Sagemaker：只读文件系统：/opt/ml/models/../config.json 调用端点时

Question

Trying to create a Multi Model with sagemaker.尝试使用 sagemaker 创建一个 Multi Model。 Doing the following:执行以下操作：

boto_seasson = boto3.session.Session(region_name='us-east-1')
sess = sagemaker.Session(boto_session=boto_seasson)

iam = boto3.client('iam')
role = iam.get_role(RoleName='sagemaker-role')['Role']['Arn']

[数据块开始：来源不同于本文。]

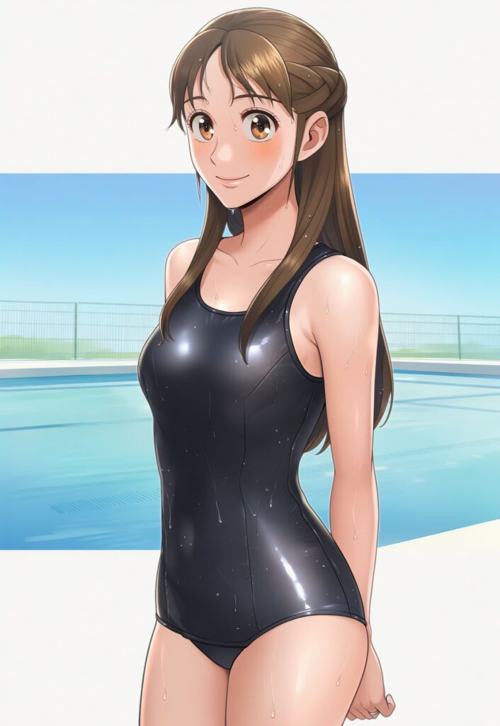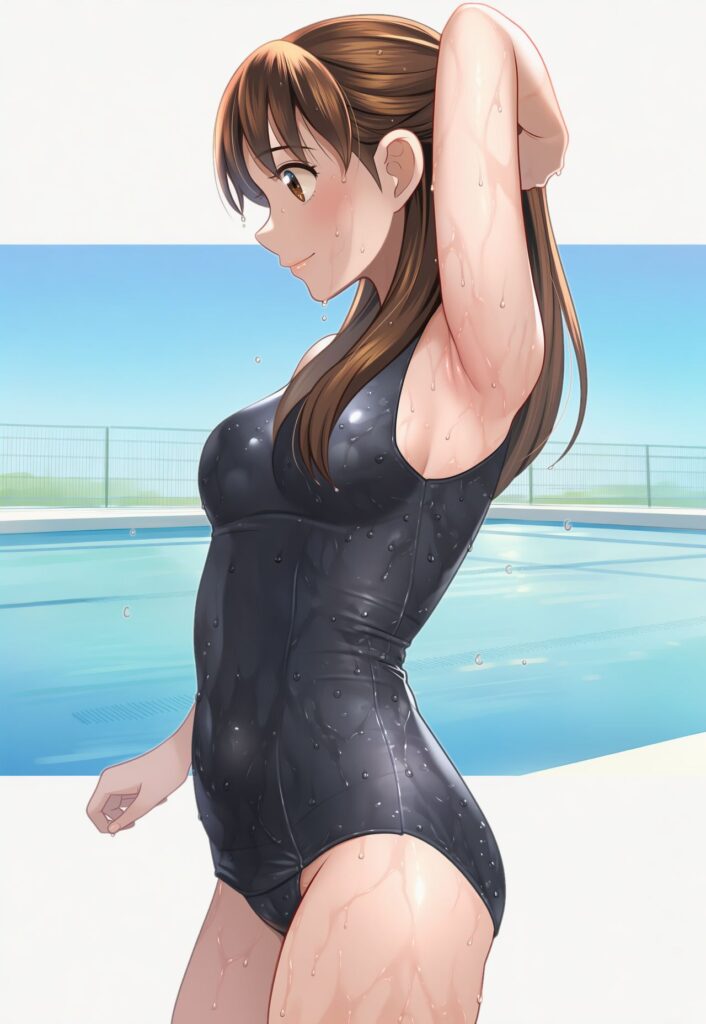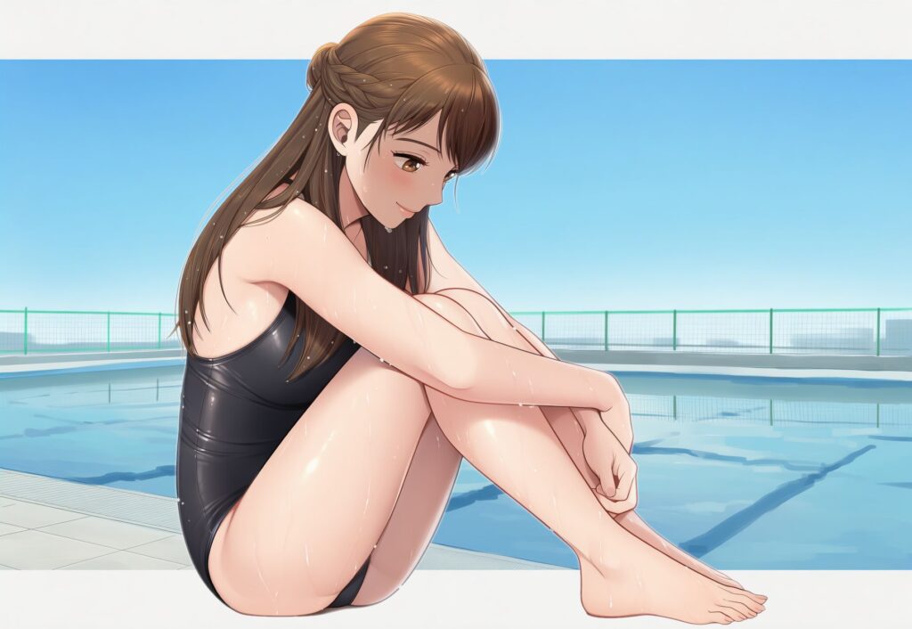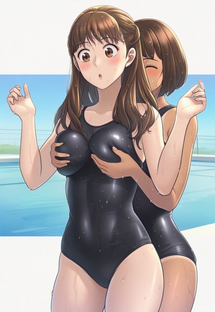 プールを挟んだ反対側では、男子の集団がワイワイやっていて、スクール水着姿の女子の採点をしています。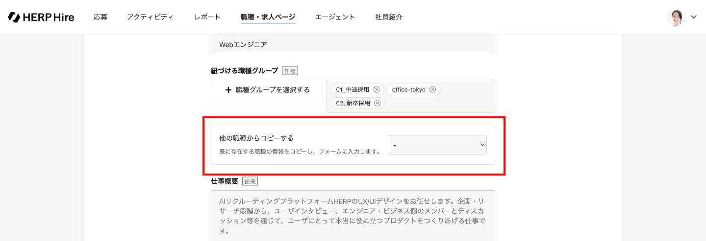 選択した職種の、仕事概要以下の情報をコピーすることができる

huggingface_model = HuggingFaceModel(model_data='s3://bucket/path/model.tar.gz',
                                     transformers_version="4.12.3",
                                     pytorch_version="1.9.1",
                                     py_version='py38',
                                     role=role,
                                     sagemaker_session=sess)
mme = MultiDataModel(name='model-name',
                     model_data_prefix='s3://bucket/path/',
                     model=huggingface_model,
                     sagemaker_session=sess)
predictor = mme.deploy(initial_instance_count=1, instance_type="ml.t2.medium")

If I try to predict:如果我尝试预测：

predictor.predict({"inputs": "test"}, target_model="model.tar.gz")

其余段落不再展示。